■ DATA LISTING ■
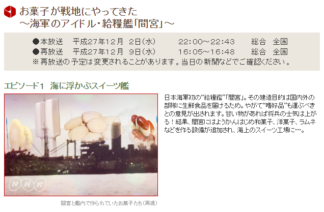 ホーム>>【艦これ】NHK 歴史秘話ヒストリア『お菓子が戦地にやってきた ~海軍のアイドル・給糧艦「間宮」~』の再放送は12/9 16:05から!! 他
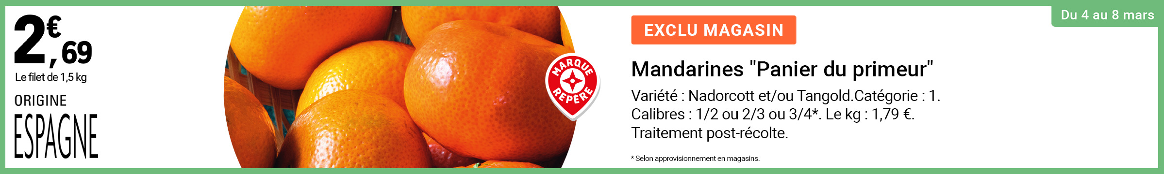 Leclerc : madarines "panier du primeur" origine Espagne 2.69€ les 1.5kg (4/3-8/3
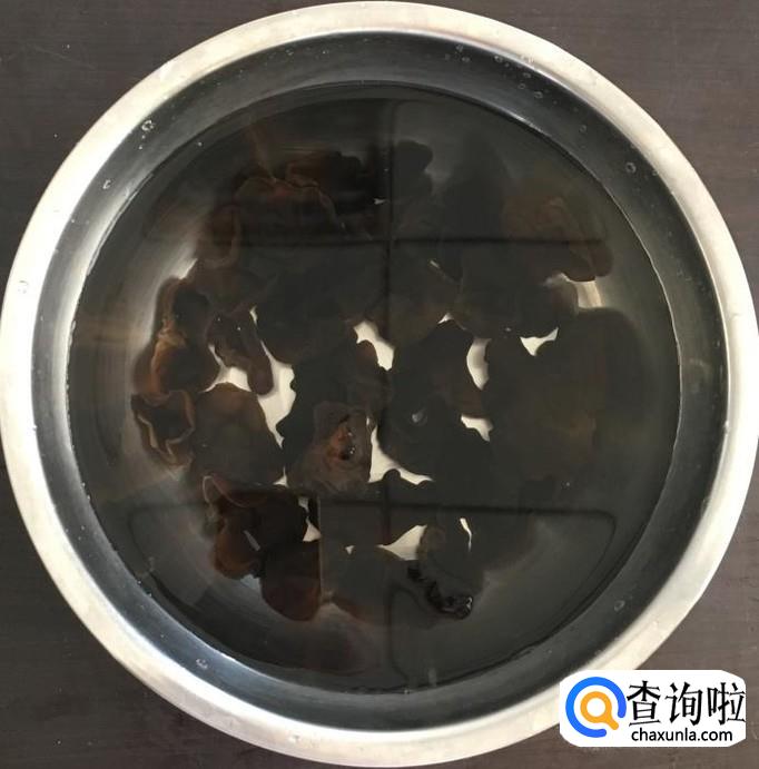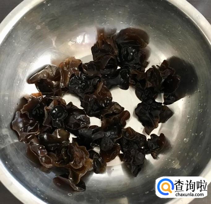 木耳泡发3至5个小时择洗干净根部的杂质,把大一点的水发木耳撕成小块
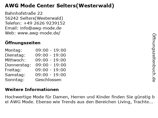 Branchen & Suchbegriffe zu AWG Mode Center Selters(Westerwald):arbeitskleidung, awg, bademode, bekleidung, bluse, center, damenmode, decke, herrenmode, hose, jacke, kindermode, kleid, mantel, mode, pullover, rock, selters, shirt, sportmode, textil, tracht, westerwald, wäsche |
==
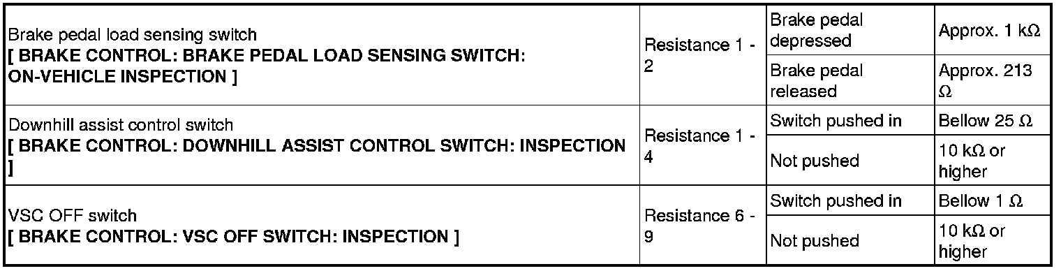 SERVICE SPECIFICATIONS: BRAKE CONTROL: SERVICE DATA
--
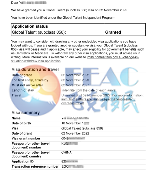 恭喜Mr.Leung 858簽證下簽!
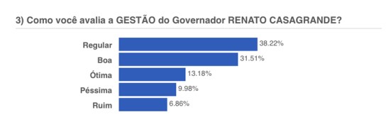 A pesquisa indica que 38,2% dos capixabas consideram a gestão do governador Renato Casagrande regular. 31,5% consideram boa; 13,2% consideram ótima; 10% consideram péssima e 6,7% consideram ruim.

■ TRY IT ■
Could the stretch from the line with "木耳泡发3至5个小时择洗干净根部的杂质,把大一点的水发木耳撕成小块" through the line with "Branchen & Suchbegriffe" in the listing above be restated word for word, minus the pictures?

■ RESPONSE FOR THIS EXERCISE ■
 木耳泡发3至5个小时择洗干净根部的杂质,把大一点的水发木耳撕成小块
 Branchen & Suchbegriffe zu AWG Mode Center Selters(Westerwald):arbeitskleidung, awg, bademode, bekleidung, bluse, center, damenmode, decke, herrenmode, hose, jacke, kindermode, kleid, mantel, mode, pullover, rock, selters, shirt, sportmode, textil, tracht, westerwald, wäsche |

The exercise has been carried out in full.